Monday, August 3, 2009

The Glorification of Private Enterprise

Tina Dupuy has an article on the Huffington Post that is side-splittingly funny. It looks at a little history:
The loudest voice, piercing through the debate over health care is unquestionably sure "privatization is always better." Because Republicans (who are in the government) will readily tell you - the government never does anything right. Which explains why the most popular people in their Grand Old Party no longer hold any personally "taxing" jobs in the government (Mitt Romney, Mike Huckabee and as of Sunday, Sarah Palin), opting (fittingly) for private political gigs.

Less government control is always good? The private sector is always first-rate? Free market capitalism is the cure-all? Even for health care?!

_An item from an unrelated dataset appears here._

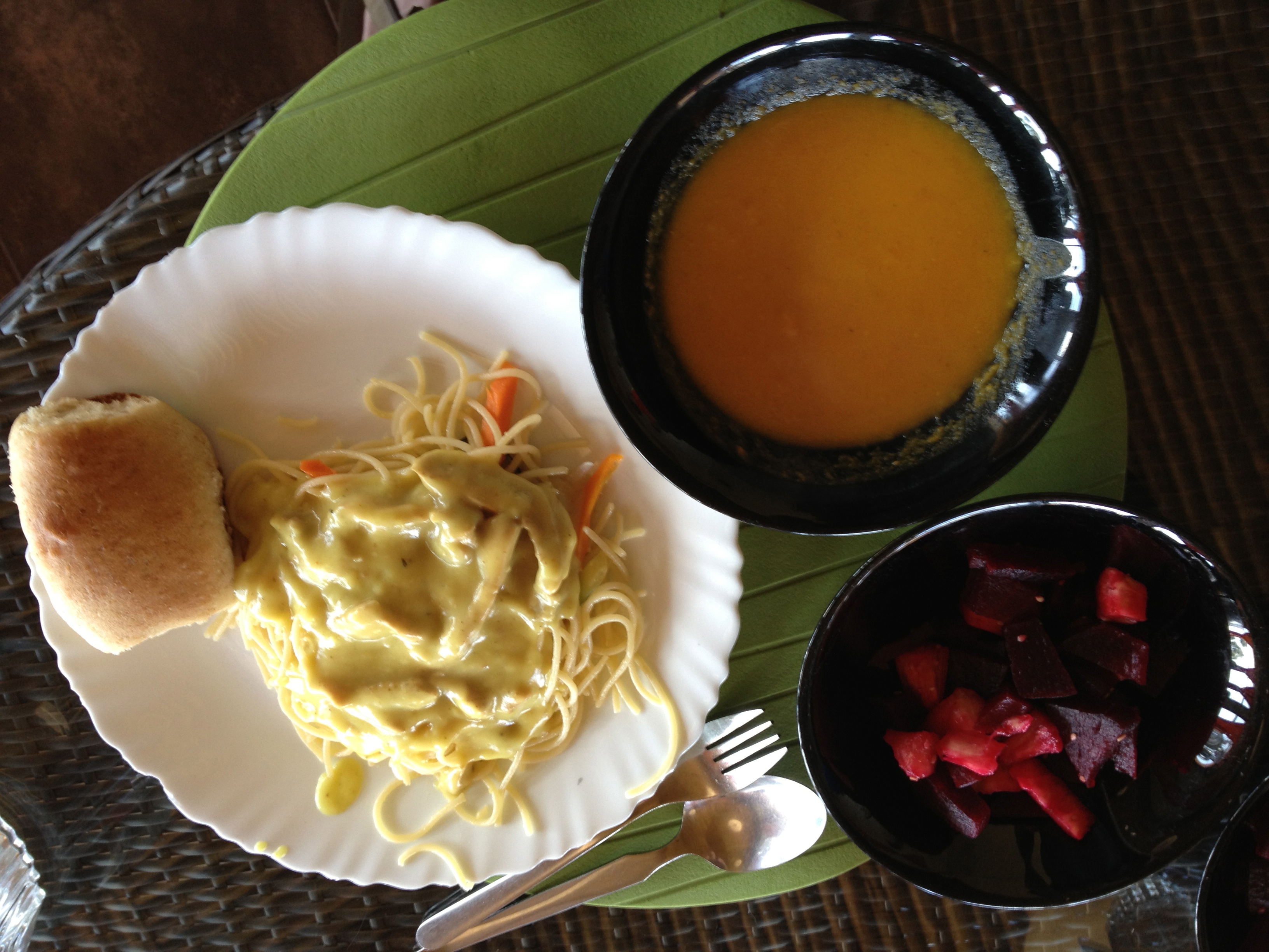 On this day we had pasta with chicken carbonara sauce, squash soup, rolls and the beetroot pineapple salad mentioned above.

Let's look at this reasonably: Firefighting used to be a private for-profit industry. In the 1800's, the early days of urbanization, in cities like New York and Baltimore, there were private "clubs" or "gangs" who were in charge of putting out fires. The infamous Boss Tweed started his illustrious political career at a volunteer fire company. The way it functioned was the first club at the scene got money from the insurance company. So, they had an incentive to get there fast. They also had an incentive to sabotage competition. They also often ended up getting in fights over territory and many times buildings would burn down before the issue was resolved. They were glorified looters. It was corrupt, bloated and expensive -- but at least it wasn't the much maligned "government controlled."
The article goes on to look at how the right might "sell" privatized fire fighting with some over-the-top political ads. Funny.

The post makes some serious points. It is well worth a read.